Let \(\psi :\mathbb {F}_{q}\rightarrow \mathbb {F}_{q},\) \(\psi =\frac{f}{g} \in \mathbb {F}_{q}(X).\) If \( S_{\psi } \) has an absolutely irreducible component defined over \(\mathbb {F}_{q}\) distinct from \(X=Y,\) \(X=Z\) e \(Y=Z\), then \(\psi \) is not exceptional APN.

Our strategy in investigating the exceptionality of an APN rational functions consists in providing sufficient conditions on \(S_{\psi }\) to possess suitable absolutely irreducible \(\mathbb {F}_q\)-rational components.

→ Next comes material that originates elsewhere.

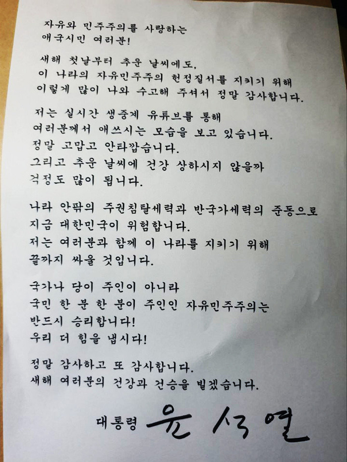 2024년 12월 31일 공수처가 법원으로 부터 발부받은 체포영장에 겁먹은 윤석열이 태극기 부대 시위자들에게 보낸 친서 라고 합니다. 이번에는 녹화된 담화가 아닌 탄핵반대 세력에게만 친서 형식으로 전달을 했습니다. 참으로 어처구니가 없습니다. 정신병걸린 미친자가 맞고요.

First we focus on the intersection of \(S_{\psi }\) with the hyperplane at infinity \(H_{\infty }\subset \mathbb {P}^3(\mathbb {F}_q)\), which is provided by the curve whose homogeneous equation is defined by the homogeneous part in \(\varphi _{\psi }\) of highest degree.

If \(m-d\) is not a power of 2, then it is easy to see that the maximum degree homogeneous component of \(\varphi _{\psi }\) is given by \(a_{m}b_{d}^{3}H_{m,d},\) where \(H_{m,d}\) has the following expression

$$\begin{aligned} \dfrac{(X^{m}Y^{d}Z^{d}+X^{d}Y^{m}Z^{d}+X^{d}Y^{d}Z^{m})(X+Y+Z)^{d}+X^{d}Y^{d}Z^{d}(X+Y+Z)^{m}}{(X+Y)(X+Z)(Y+Z)}. \end{aligned}$$
(4)

Let us denote by \(\mathcal {A}_{m,d}\) the curve of homogeneous equation \( H_{m,d}=0\). In what follows, for the sake of convenience, we will also consider the polynomial \(G_{m,d}:=H_{m,d}(X+Y)(X+Z)(Y+Z).\)

We will consider separately the cases \(m>d\) and \(m<d.\)

4 Investigation of rational functions \(\psi =f/g\), with \(\deg (f)>\deg (g)\)

In this case \(G_{m,d}\) and \(H_{m,d}\) read as

$$\begin{aligned} G_{m,d}= & {} X^{d}Y^{d}Z^{d}(X+Y+Z)^{d}(X^{m-d}+Y^{m-d}+Z^{m-d}+(X+Y+Z)^{m-d}),\\ H_{m,d}= & {} X^{d}Y^{d}Z^{d}(X+Y+Z)^{d}\dfrac{X^{m-d}+Y^{m-d}+Z^{m-d}+(X+Y+Z)^{m-d}}{(X+Y)(X+Z)(Y+Z)}. \end{aligned}$$

Note that \(\dfrac{X^{m-d}+Y^{m-d}+Z^{m-d}+(X+Y+Z)^{m-d}}{(X+Y)(X+Z)(Y+Z)}\) defines the curve associated to the monomial function \(x^{m-d}.\)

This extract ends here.